Feature flag platforms: LaunchDarkly, Flagsmith, Unleash, ConfigCat, Statsig, Split.io, or a homegrown DB-backed system.
Database Migrations
The single hardest part of progressive delivery. The new app version and the old one must both run against the same database during the rollout. Patterns:
- Expand-then-contract: add the new column nullable, deploy code that writes both, backfill, deploy code that reads new only, drop the old.
- Never break backward compatibility in a single deploy.
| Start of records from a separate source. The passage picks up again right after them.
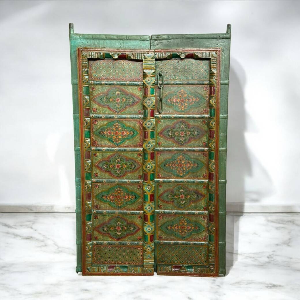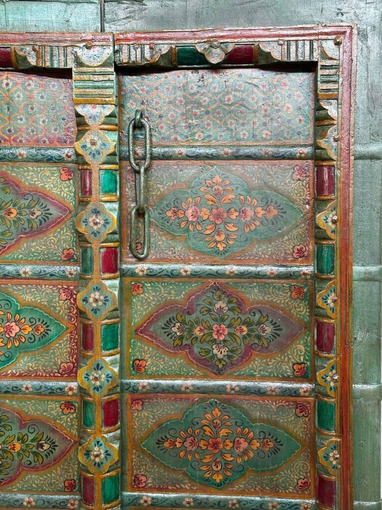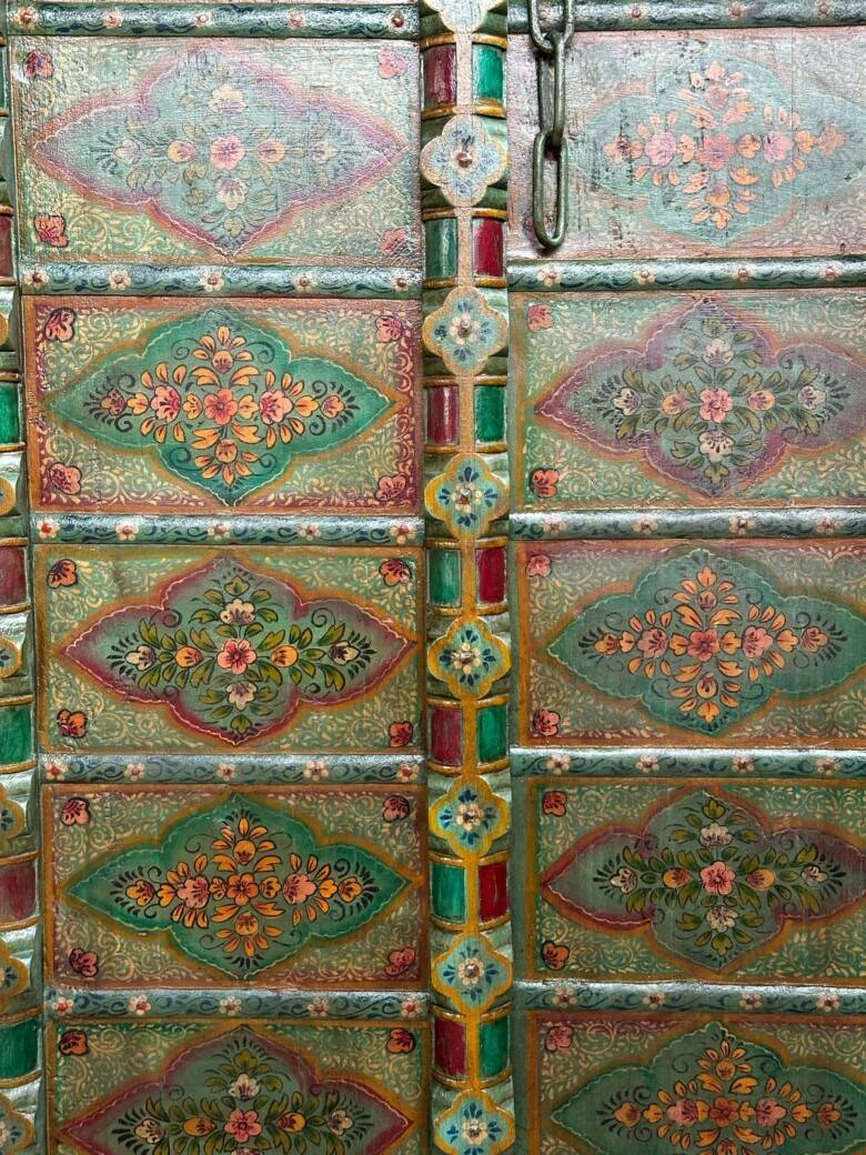 Each panel of this door is adorned with intricate hand-painted floral motifs in warm shades of green, yellow, and red, creating a vibrant tapestry of traditional design. The symmetry of the artwork, combined with the aged patina of the wood, gives it a distinct character that only decades of history can impart. The central panels feature delicate flower clusters framed within diamond and oval shapes, symbolizing growth, beauty, and prosperity.
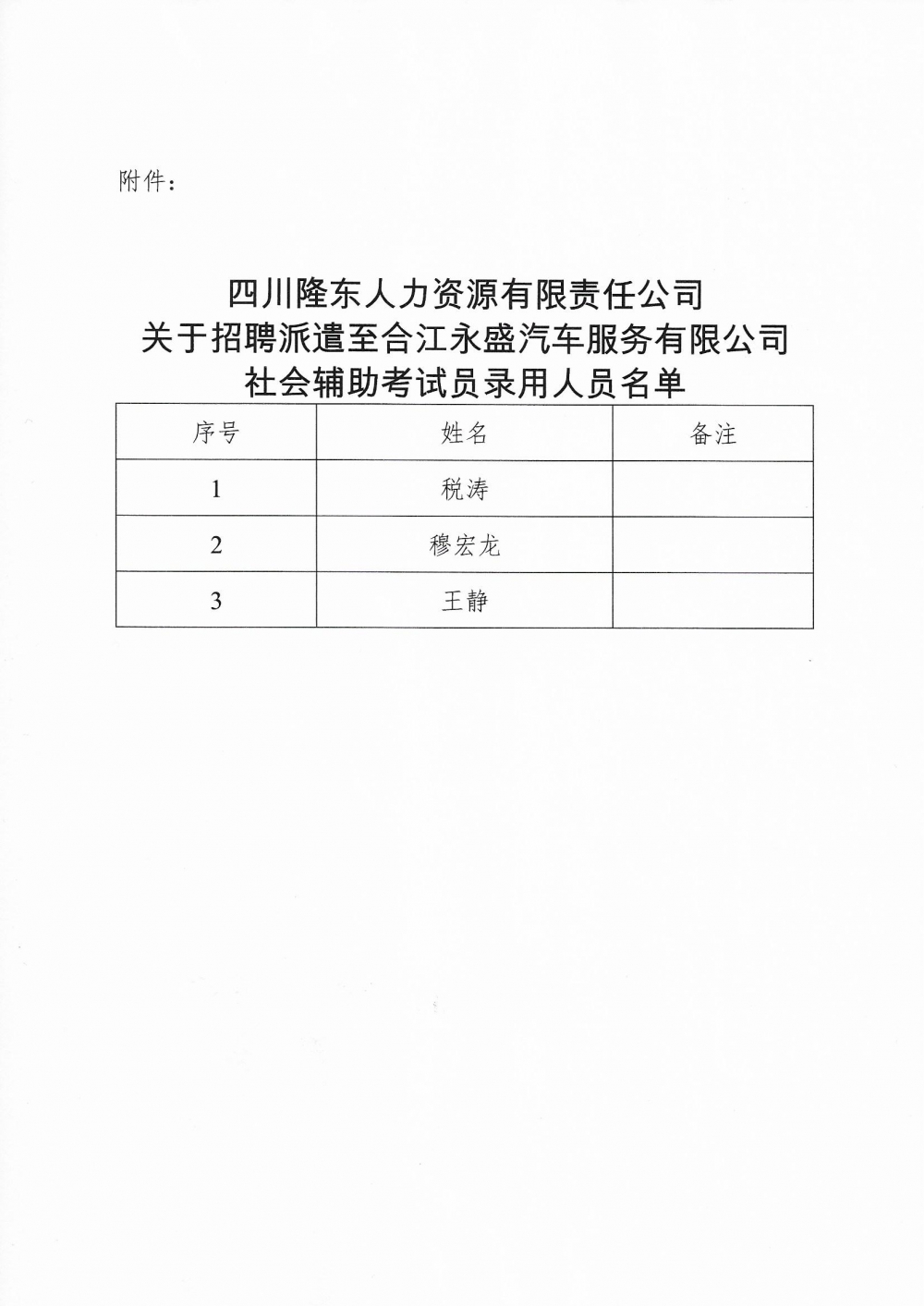 關于錄用派遣至合江縣人民法院勞務工作人員的公示
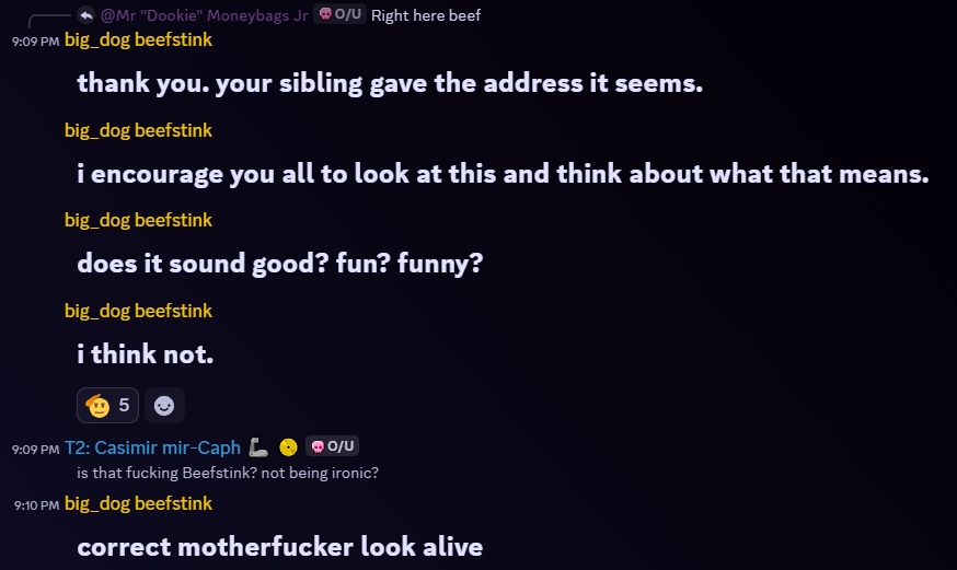 Over/Under is still ongoing. This post may contain actionable intel. In addition, this is all from my perspective, perception, and mostly publicly-available posts on the server. I may get things wrong or portray things in the wrong light. In this post, I am not doing so as a manipulation tactic or any attempt to push a narrative or agenda. I am simply fallible.
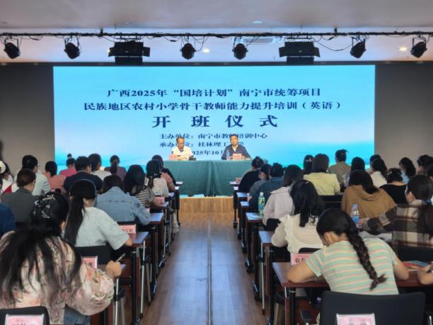 10月19日下午,广西2025年“国培计划”南宁市统筹项目——民族地区农村小学骨干教师能力提升培训(英语)在我校顺利开班。南宁市教师培训中心主任莫尧,桂林理工大学继续教育学院院长周国桥以及来自南宁市的150余位小学英语骨干教师参加了开班仪式。
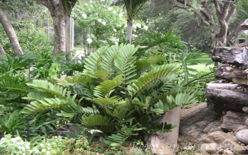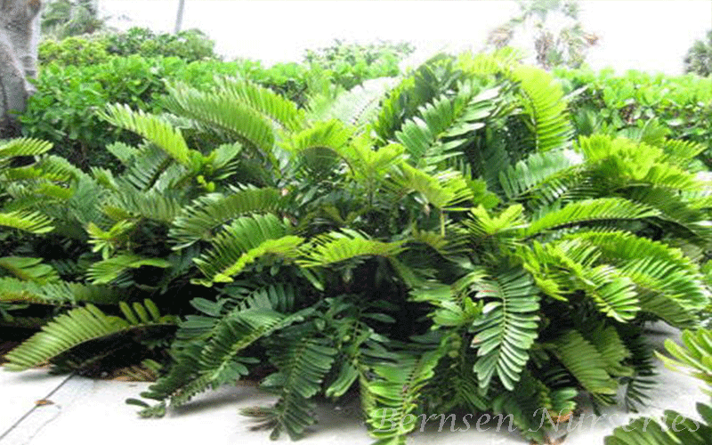It does have pinnate leaves like a palm tree, but they are rounded and it has a thick tuberous stem. The evergreen leaflets grow in opposing pairs of up to 12 per stem. It is a low growing plant that may spread 3 to 4 feet and an underground trunk. The trunk stores moisture in times of drought, which makes Zamia ideal for xeriscape gardens. Cardboard palm care requires enough moisture to keep the trunk fat and healthy. Never let it dry to the point that the trunk and stem are wrinkled or dry.
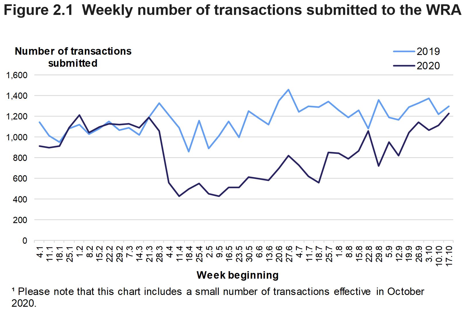 Figure 2.1 above shows the total number of transactions submitted to the WRA in each 7-day period. These periods begin on a Saturday and end on the following Friday. For example, the point ’17.10’ in 2020 shows the number of residential and non-residential transactions submitted to the WRA from 17 to 23 October 2020 (inclusive). The actual dates differ slightly in the previous year. For example, the same week in 2019 ran from 19 to 25 October 2019 (inclusive).
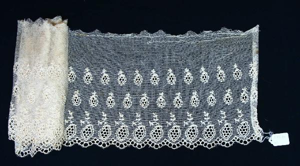 Alto bordo in tulle ricamato in cotone avorio con piccoli fiori (tipo girasole) disposti a scacchiera in teorie, con corolla traforata e rilevata; bordo smerlato percorso da un motivo a rete a maglie quadrate.
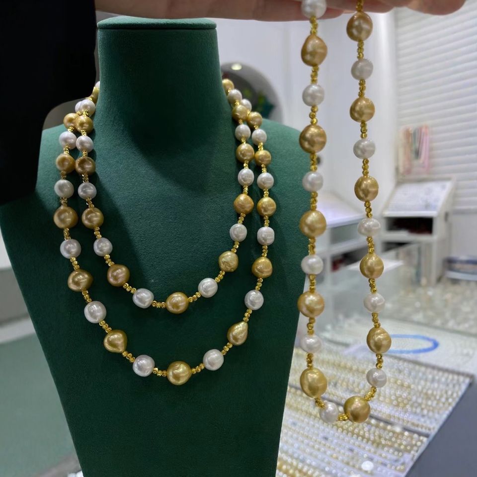 Manufacturer Wholesale 12-14mm Baroque White Pearl Necklace Elegant Dominating Leather and Light Matching Gift Box
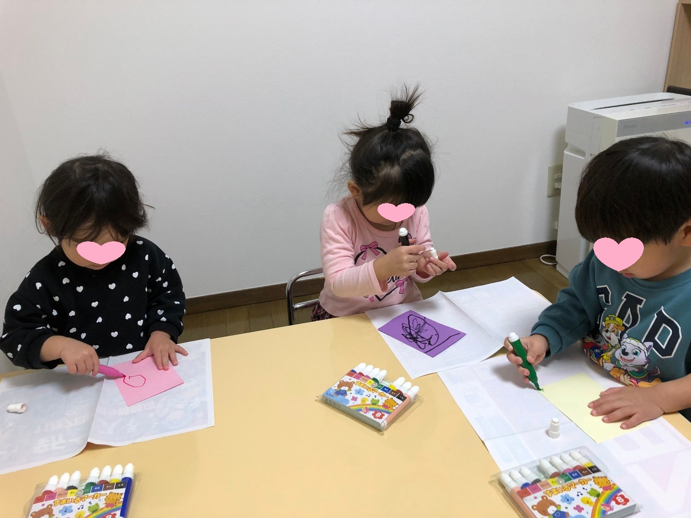 ペンで描き描き。上手でしょ!!何ができるのかな?
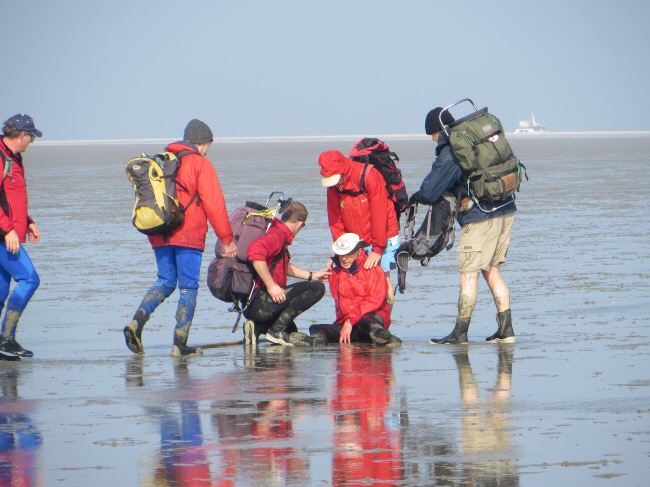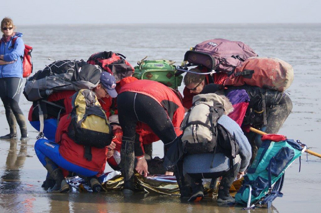 Door tijdverlies kwamen beide groepen in de problemen vanwege de snel opkomende vloed. Er werd hulp ingeroepen.
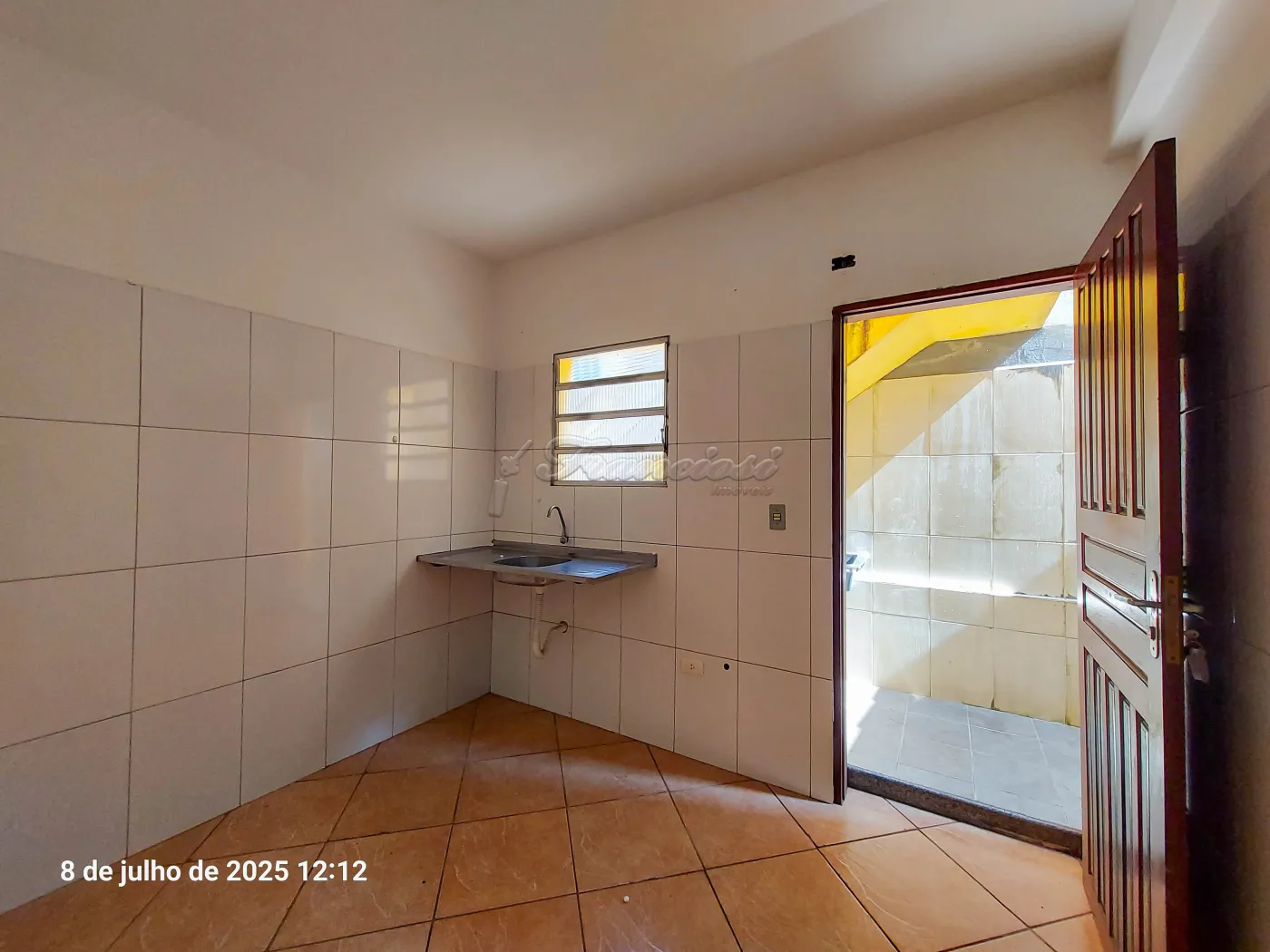 Casa com 1 dormitório, sala de estar, cozinha, 1 banheiro social, área de serviço e quintal pequeno.
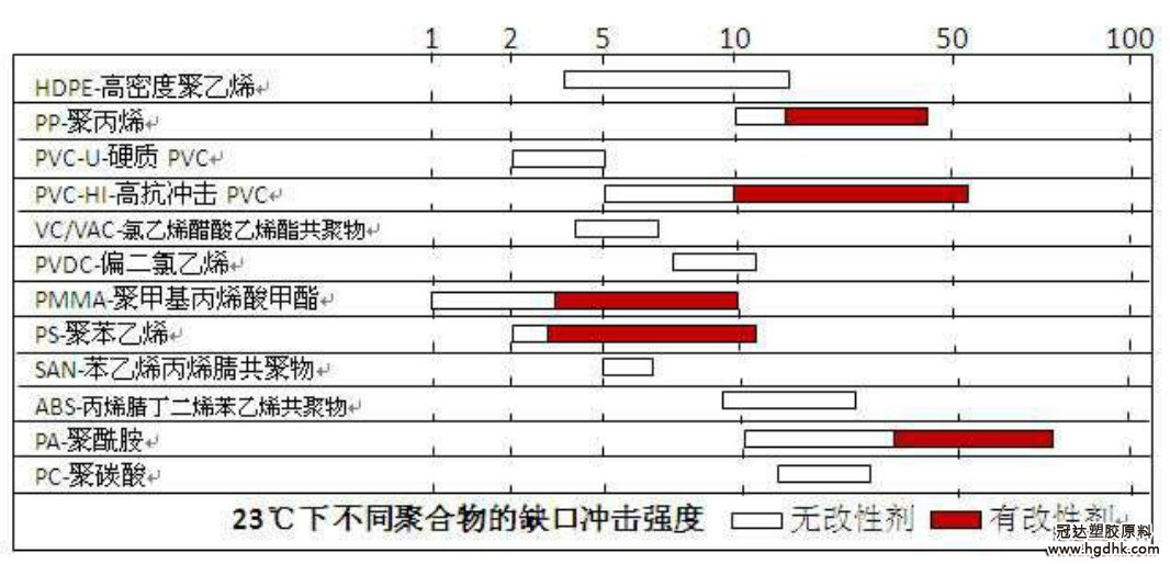 從上圖可見 PA 的抗沖擊性能最好;其次是 PC。PP、PVC-HI、PMMA、PS、PA 添加沖擊改性劑后,抗沖擊性能大大提高。ABS、PA、PC 即使不加抗充擊改性劑 的抗沖擊性能也較大。其中 PMMA 和 PC 都是透明材料,PMMA 的剛性好,脆;PC 的韌性好,不脆。無改性劑的 PS 抗沖擊性能較差,我們曾經為客戶測試過加入改 性劑的 PS 產品,抗沖擊性能提高許多。 沖擊改性劑的品種很多,常用的有 ACR-丙烯酸酯類樹脂、MBS-甲基丙烯酸甲酯-丁二烯-苯乙烯共聚物、CPE-氯化聚乙烯、ABS、EVA、EPT-三元乙丙膠等。 從制品的改性效果來看,ACR 是綜合性能最好的一類,MBS 是透明制品重要的沖擊改性劑,在全球沖擊改性劑市場中占有重要地位。

Split changes across releases.
- Run migrations as a separate pipeline step, not inside the app boot — or use a Kubernetes Job to migrate before rolling out new app pods.
Choosing
| Need | Strategy |
|---|---|
| Default for stateless apps in K8s | Rolling update |
| Critical service with instant rollback need | Blue/green |
| Large user base, mature observability | Canary + automated analysis |
| Risky business logic change | Feature flag, slow rollout |
| Validating performance / behaviour | Shadow / dark launch |
What All Strategies Need
- Health checks / readiness probes — the platform must know when an instance is ready
- Backward-compatible APIs — old and new clients coexist
- Backward-compatible DB schema — see expand-then-contract
- Strong observability — error rate, latency, business KPIs
- Automated rollback — and proven by drills
Without these, the fanciest deployment strategy is just a slower way to break things.